Anyone know why the moon sometimes photographs orange?
Gill747 wrote:
Anyone know why the moon sometimes photographs orange?
A rising moon passes thru much more atomospheric distortion that when it is high in the sky
same reason as the setting and rising suns turn colors.....
I believe the answer your looking for is atmospheric dispersion, all objects above the horizon will give false colors due to this.
this is the photo that I took when the moon was just rising
G Brown
Loc: Sunny Bognor Regis West Sussex UK
Used to be called a 'Harvest Moon'. heat and dust distortion also check what white balance you are set on
looked on the internet on settings for photographing the moon and I set it on that setting and that's what came up.
I looked at the moon before I took the shot and it was reddish and yellow color
this one at f22 at 1.2 seconds
aperture at various openings
mickeys wrote:
this one at f22 at 1.2 seconds
I have no idea where you got those settings but 1.2 seconds is WAY too long.

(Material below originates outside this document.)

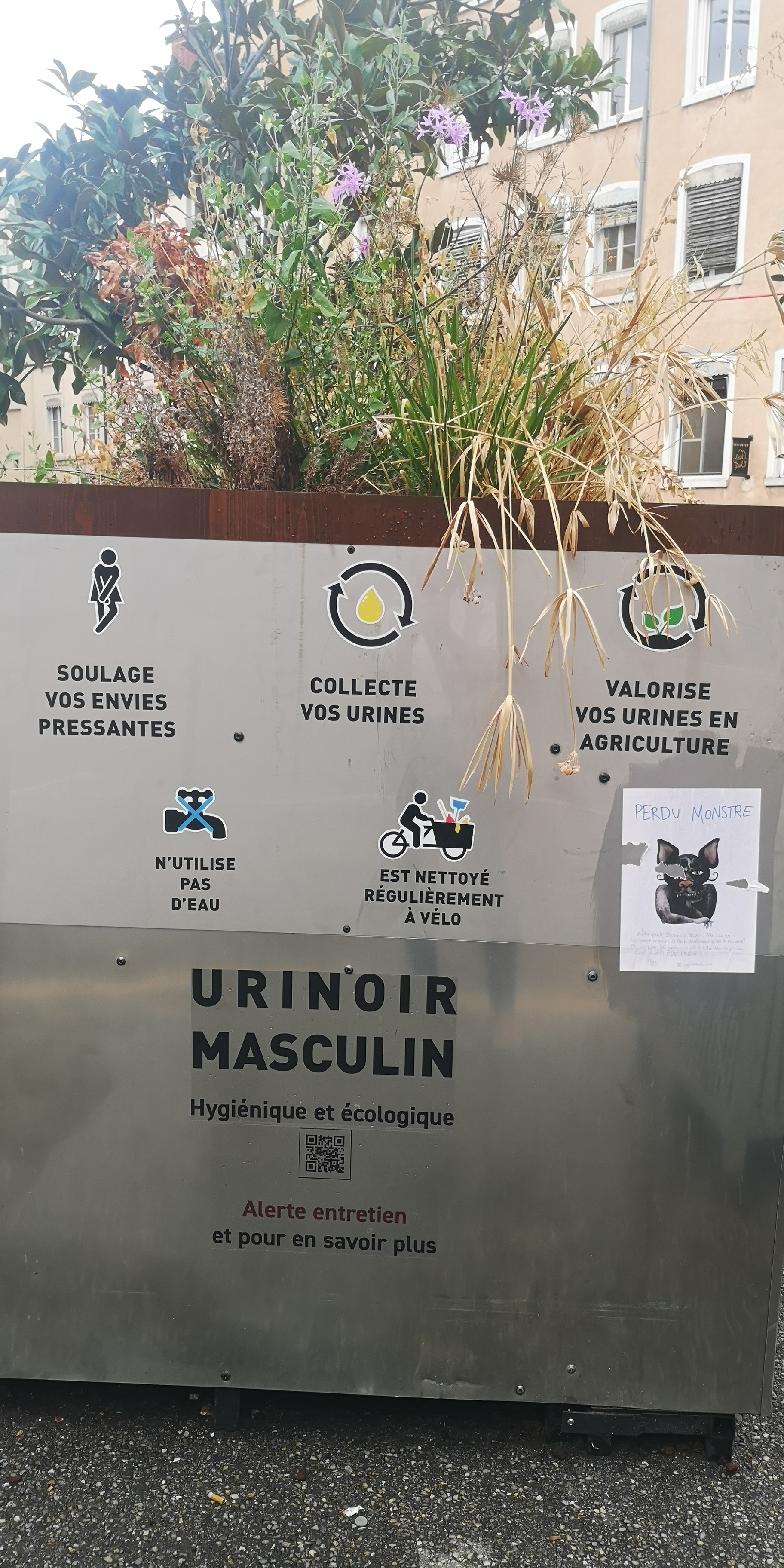 Unter anderem machen wir eine Zwischenstopp in Lyon. Im Bild eine der „geheimen“ Häusereingänge in der Altstadt. Damit sind 2 Strassen miteinander verbunden – man muss nur wissen, welche Tür man öffnen kann umd dann durch das Haus hindurch zur anderen Seite zu gelangen. Und eine interessante Idee für ein öffentliches WC: Der Urin wird gesammelt und als Dünger verwendet.

The moon is actually moving pretty fast across the sky. And the images you posted are over exposed besides.
You really don't need the depth of field of f22.

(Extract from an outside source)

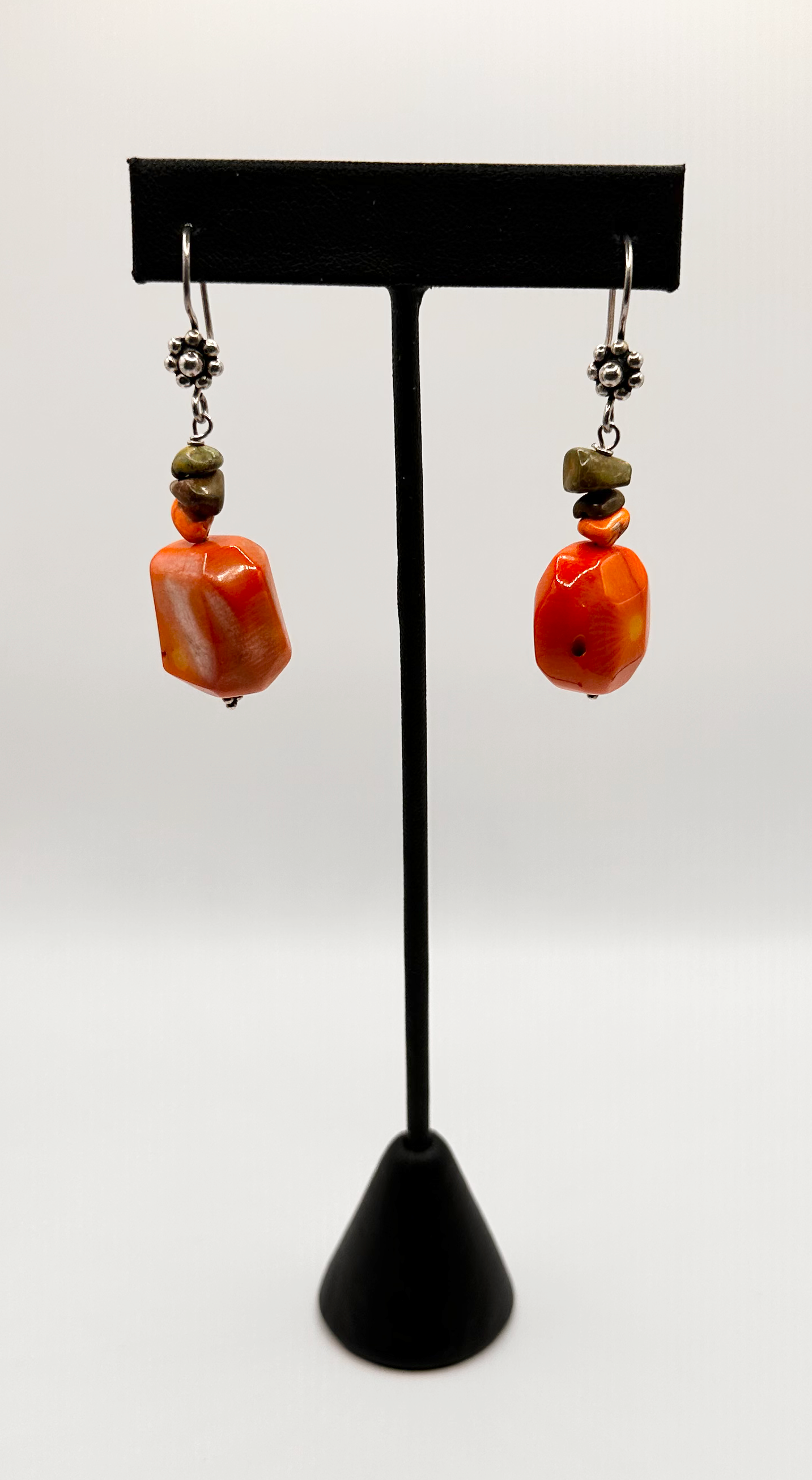 BOHO Style Orange Coral Bead Earrings with Sterling Silver Accents

And you need to keep the movement of the moon during the exposure to a minimum.
Try: ISO 200, f8-9, 1/50th.
wall-e, I was just experimenting with different settings just to see what would happen. the first pic is what it said to put the lens at. (the red moon)
the web site that had what you should put your camera settings at is called wikihow
Looney 11 Rule:
If the aperture is set at f/11, the correct shutter speed is calculated as 1/ISO.
For example at f/11 the correct shutter speed with an ISO of 100 is 1/100 s at ISO 400, it would be 1/400 s.
There is a similar rule for exposure in bright sun, the Sunny 16 rule. set the aperture at f/16 and the shutter speed should be 1/ISO. Simple!